Dimanche 15 décembre 2019

Justice

François-Henri Pinault obtient la destruction de préfabriqués « provisoires » aux Beaux-Arts

Par LeJournaldesArts.fr (avec AFP) · lejournaldesarts.fr

Le 2 décembre 2019 - 340 mots

PARIS

La justice administrative a ordonné vendredi la destruction de bâtiments préfabriqués, installés « provisoirement » il y a 18 ans dans un jardin de la prestigieuse école des Beaux-Arts de Paris, à la demande du milliardaire François-Henri Pinault dont l'hôtel particulier donne sur les lieux.

François-Henri Pinault à l'Unesco à Paris en 2011 - Photo Raphael Labbé
François-Henri Pinault à l'Unesco à Paris en 2011

En août 2001 la préfecture avait délivré au ministère de la Culture un permis autorisant la construction à titre provisoire de deux locaux d'une surface totale de 1.036 m2 durant des travaux de restructuration du site. Travaux prévus pour une durée de quatre ans.

Ces "bâtiments préfabriqués en verre et en acier" comme les qualifie le Conseil d'Etat, plus haute juridiction administrative de France, sont affectés à l'Ecole nationale supérieure d'architecture de Paris-Malaquais et donnent sur la résidence du PDG de Kering.

En avril 2012, sept ans après la date prévue de fin de vie des constructions, M. Pinault demande leur destruction au ministère de la Culture et aux directeurs des deux écoles.

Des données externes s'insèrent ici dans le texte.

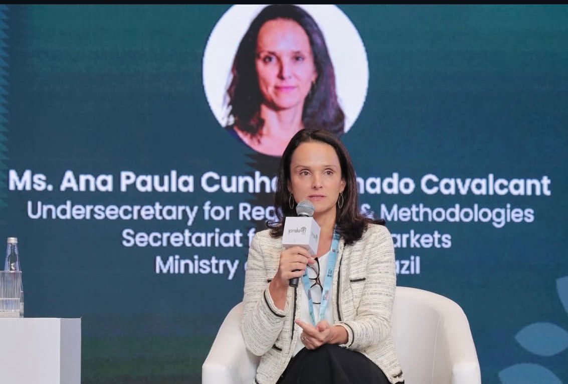 Durante o evento, a subsecretária Ana Paula esteve como palestrante em dois painéis e deu uma aula magna, abordando temas centrais para a consolidação dos mercados de carbono. As discussões passaram pelos avanços e desafios na implementação de mercados regulados em diferentes países, com destaque para aspectos institucionais, integridade ambiental e transparência, além do papel dos créditos internacionais no âmbito do Artigo 6 (dispositivo do Acordo de Paris que regula a cooperação entre países por meio da compra e venda de reduções de emissões), incluindo questões sensíveis como adicionalidade e dupla contagem.

Le silence opposé à ses lettres recommandées valant refus, il saisit la justice administrative, qui rejette sa demande en décembre 2013. Jugement confirmé en appel en février 2016.

M. Pinault se pourvoit donc devant le Conseil d'Etat, instance de dernier ressort, qui vient de lui donner raison, estimant notamment indéniable qu'étant visibles de chez lui et "créant des vues" sur son domicile, "leur maintien affecte les conditions de jouissance de son bien". Par ailleurs relèvent les magistrats, pérenniser légalement leur existence porterait une "atteinte substantielle à l'intérêt et au caractère de leur site d'implantation", classé monument historique.

Enfin, contrairement à ce qu'avaient plaidé les défenseurs du ministère et des écoles, les hauts magistrats jugent que la destruction de ces locaux ne nuira pas à "la continuité du service public de l'enseignement supérieur". D'autant qu'ils n'estiment "pas établi que plus de 18 ans après l'installation des bâtiments provisoires, les travaux qui les avaient justifiés n'auraient pas pu être menés à bien".

En conséquence, ils ordonnent la destruction des bâtiments avant le 31 décembre 2020.

Cet article a été publié par l'AFP le 29 novembre 2019.